(Material provided)
┄┄┄┄┄┄
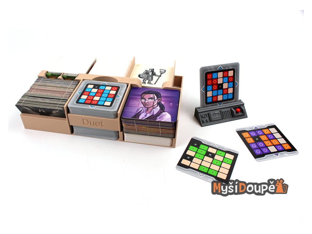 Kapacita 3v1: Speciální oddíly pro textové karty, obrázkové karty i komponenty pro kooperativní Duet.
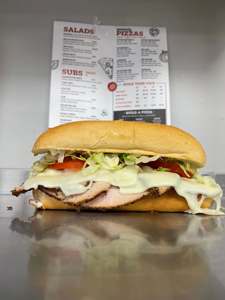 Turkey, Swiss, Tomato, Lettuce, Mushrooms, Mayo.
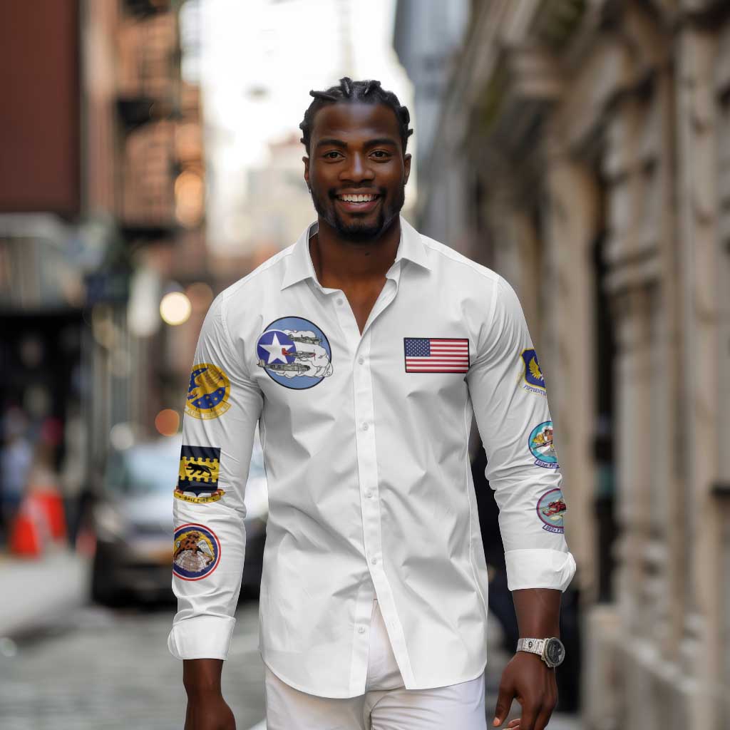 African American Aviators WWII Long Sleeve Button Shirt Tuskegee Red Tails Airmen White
┄┄┄┄┄┄
Return exactly the lines starting at the line with "Turkey, Swiss, Tomato, Lettuce, Mushrooms, Mayo." and ending at the last line of the listing, both ends included; pictures are to be left out.

(Completed task)
 Turkey, Swiss, Tomato, Lettuce, Mushrooms, Mayo.
 African American Aviators WWII Long Sleeve Button Shirt Tuskegee Red Tails Airmen White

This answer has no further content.